Recently the microwave oven turned 60 years old. Fancy that! I remain in a minority (only 10%) of Australian homes that does not have one. I have heard all the arguments for owning one. The marvels of reheating food, warming a heat pack or cooking vegetables in a flash. But the texture of food cooked in this way has never seemed quite right to me and really, how long does it take to steam a bowl of vegetables?
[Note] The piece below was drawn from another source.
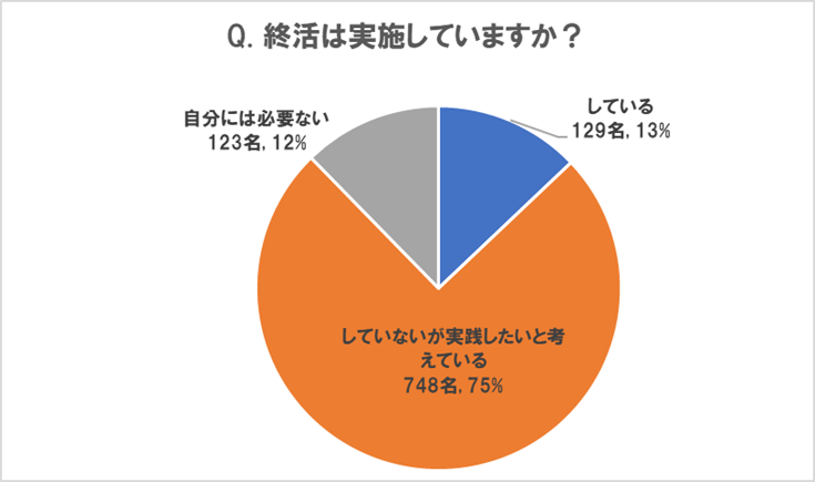 おひとりさまで実際に終活を「実践している」人は13%と少数 「していないが実践したいと考えている」人は75%と多い |
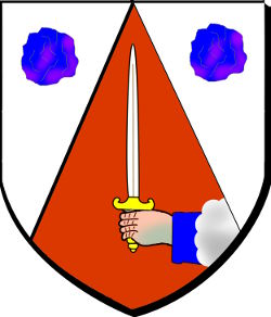 de gueules au dextrochère de carnation, vêtu d'azur, mouvant d'un nuage d'argent, tenant une épée haute d'argent garnie d'or, au chapé d'argent chargé de deux cailloux d'azur

In the last few years science has been supporting my suspicions that this invention may not be the best thing since sliced bread, nutritionally speaking. Or perhaps, considering the state of the humble loaf these days it is more accurate to say nutrients in microwaved food are going the way of those found in sliced bread! An in depth study in 2003, published in the Journal of the Science of Food and Agriculture tested for the goodies in brocolli when cooked in a variety of ways. For nutritionists and science buffs, the study looked at phenolic compounds. These flavanoids and other compounds are handy markers of the beneficial chemicals in the much touted ‘anticancer’ famous brocolli.
So what did Vallejo and his team find? Using the amount of phenols in raw broccoli as a base line, they then cooked the vegetable by pressure cooking, boiling, steaming and microwaving. While steaming came out on top as preserving all but about 11% of the immune boosting antioxidants, zapping it in the microwave lost a whopping 97% flavanoids.
Do the maths, just how much more microwaved broccoli do you need to eat, to get the equivalent phenolic content as steamed broccoli? (Tell me in comments if you wish).
The take home message from this study is clearly eating your veggies raw or steamed is the way to go.